Actually, I did. I do. But I prefer not to think about it on a constant basis, because I know from experience that only leads to total insanity. Lucky for me, I don’t sell insurance for a living. If I had to think about all this risk all the time I’d probably spend all my time in the fetal position under my desk. (As opposed to being a writer, when this is only necessary during the finish of a first draft, or during particularly tough patches of revising.) It’s so easy to get scared, you know? And so much harder to get fearless again. But I’m working on it. Maybe we all are.

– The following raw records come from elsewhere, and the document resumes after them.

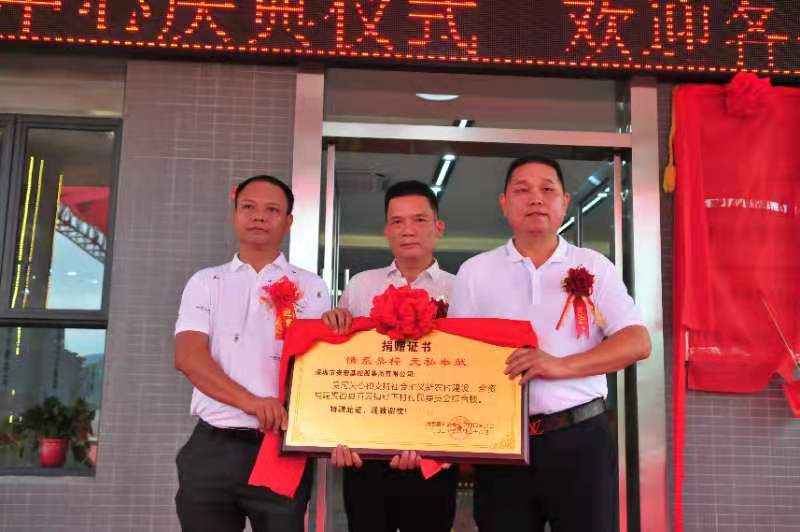 在落成典禮中,深圳安宏基控股集團(tuán)有限公司彭康輝董事將大樓辦公鑰匙移交給硁下村黨支部書(shū)記彭志康。村支書(shū)彭志康、五云鎮(zhèn)慈善會(huì)會(huì)長(zhǎng)彭志響一起贈(zèng)牌匾給深圳安宏基控股集團(tuán)有限公司彭康輝董事。
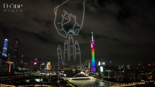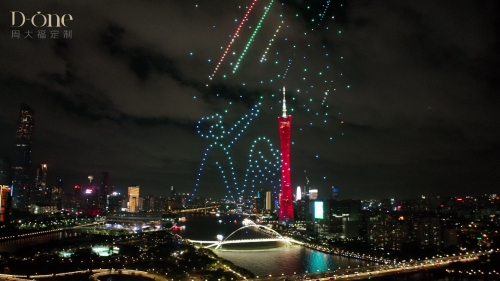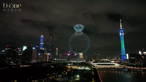 夜幕降临,五百架无人机组成了星空许愿池,带着顾客的心愿飞上夜空,在夜幕下完成一场盛大的无人机星空show,打开时光的维度,在星空写下爱你的证明。本场秀讲述了一对恋人从初次见面到共同陪伴直至相守一生的故事,随着周大福定制D-ONE钻戒滑入指间,整个广州城都响起惊喜的欢呼,初见定一生,余生都是我愿意。无人机在夜空里不停的闪烁变换着,当J&C的字母出现时,大家才幡然醒悟,原来是真的求婚!
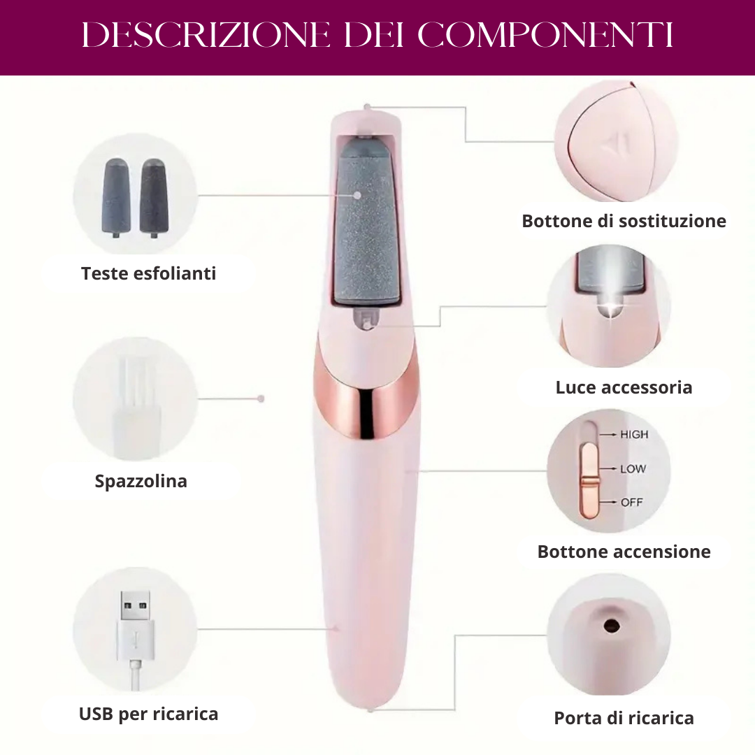 PEDIPURE è un kit esfoliante elettrico con cui avrai piedi morbidi e belli da mostrare
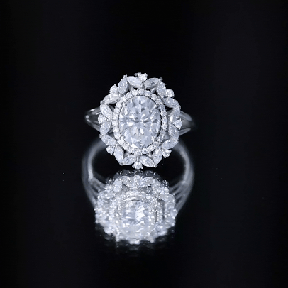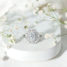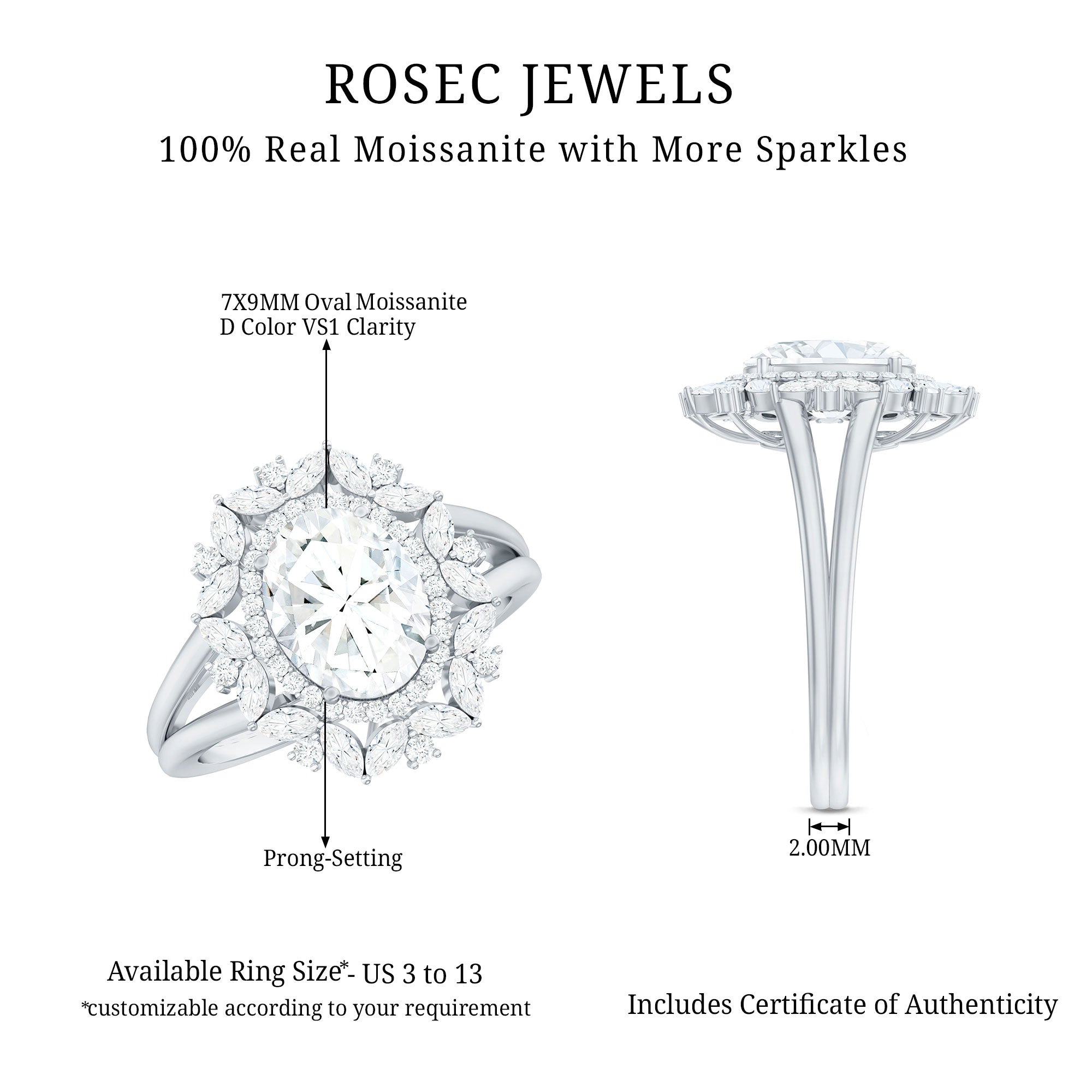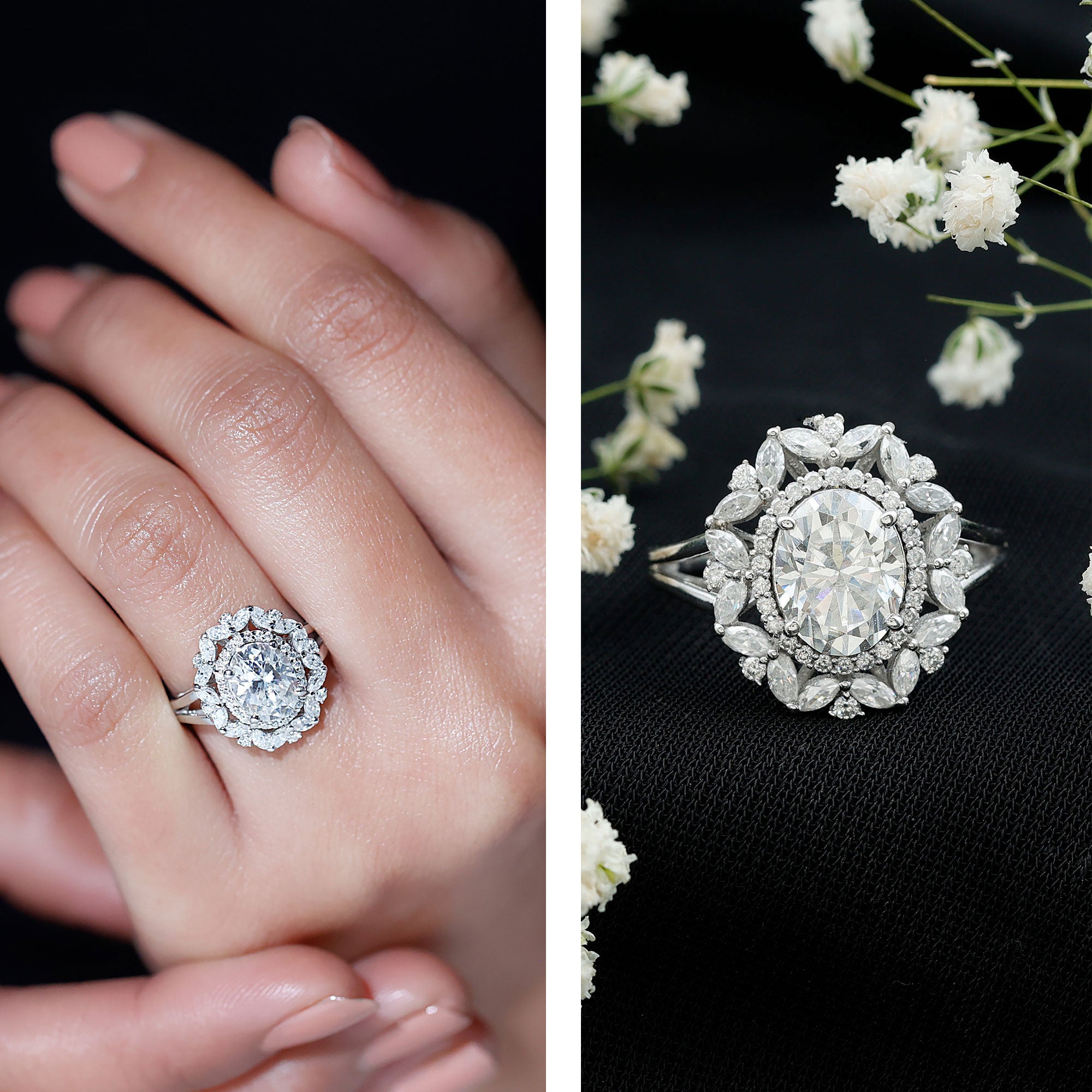 Certified 7X9 MM Oval Moissanite Double Halo Engagement Ring
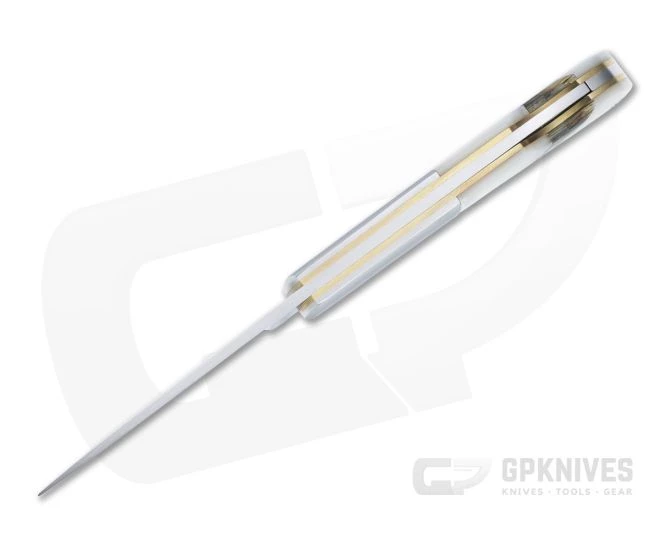 Handle: Traditional brass liner construction supports long, handsome brushed stainless steel bolsters atop beautiful mother-of-pearl covers with abalone chevron ‘arrow’ inlays. The simple back lock construction is seamless and smooth in operation for reliable lockup and secure use. This small design is ideal for shirt or watch pocket carry. A tube is provided for lanyard attachment.
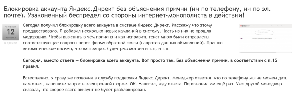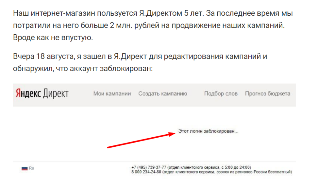 Компания рекламировалась в Директе без проблем в течение 5 лет. Внезапно аккаунт заблокировали, а техподдержка ответила стандартное — несоответствие материалов рекламной политике Яндекса. И хотя в итоге аккаунт разблокировали, ситуация не из приятных.
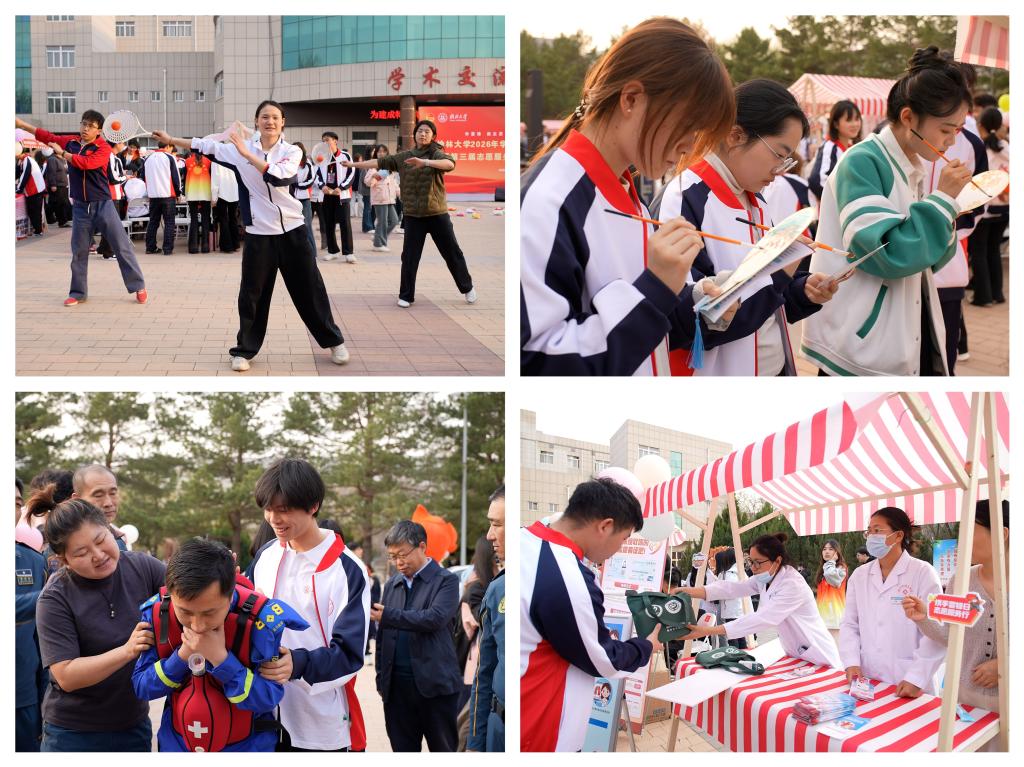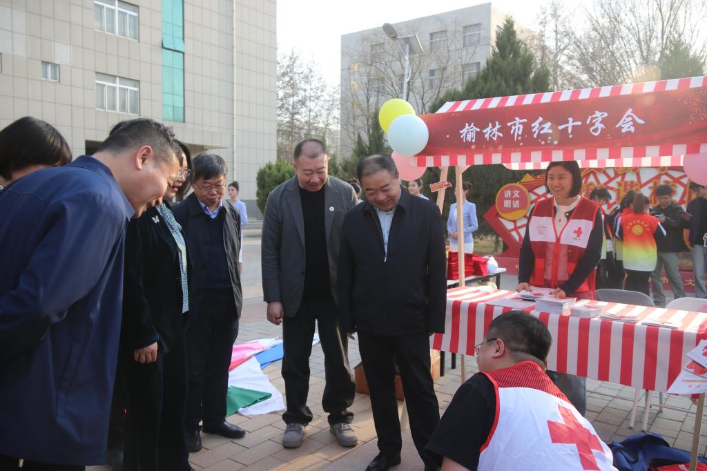 启动仪式结束后,卜耀军等来到志愿服务互动展示区,与参与活动的学生亲切交流,详细了解各类志愿服务项目开展情况,对同学们的奉献热情与创新实践给予充分肯定。展示区内,各二级学院紧扣专业特色,联合打造了形式丰富、内涵多元的志愿服务体验活动,涵盖手工创作、科普互动、便民服务、非遗文化体验、法治宣传、益智实践等多个品类,真正实现专业所学与志愿服务深度融合,充分展现了各学院的育人特色与榆大学子的青春担当。此外,榆林市公安局交通管理支队二大队、榆林市红十字会、榆林市蓝天救援队等多家校外单位同步到场设展,带来涵盖健康医疗、交通安全、应急救援、无偿献血、金融安全等多领域的一站式便民志愿服务,通过现场演示、知识宣讲、实操教学等多样形式,将实用技能与暖心服务送到师生身边,让雷锋精神在沉浸式实践中真正落地生根、蔚然成风。

I was thinking all this when I left the office, which is very near a rental house I used to live in many, many years ago. So I decided to swing by and take a look at it, for old time’s sake. (Also to avoid major intersections, at least until I calmed down.) There’s something both odd and soothing about being able to so easily revisit your past: a few turns, a couple of blocks, and there it was the house we lived in when I was finishing up at UNC. My dog Elwood was still alive, Scout was just a puppy, and I, as an English major, could quote major British poets without effort. (Ah, memories.) I pulled up at the curb, just looking it, thinking how much had changed since I’d lived there. So many years, so much danger both encountered and avoided. But just as I thought this, I looked closer at the mailbox and saw, there, a small group of grape hyacinth flowers, as well as a couple of daffodils. And I realized: I planted those flowers. All those years ago, they were the first bulbs I EVER planted, in fact, in that exact same spot. I knew they were mine because I’d followed the directions so carefully, putting them far apart from each other: now, I know it’s okay to group them close, in clumps. Anyway, after all that fear, there was something strangely assuring knowing those flowers were still coming up, a good fourteen years or so later. Like with all there is to be afraid of, there are still some things that just keep on, one way or another, season after season, day by day.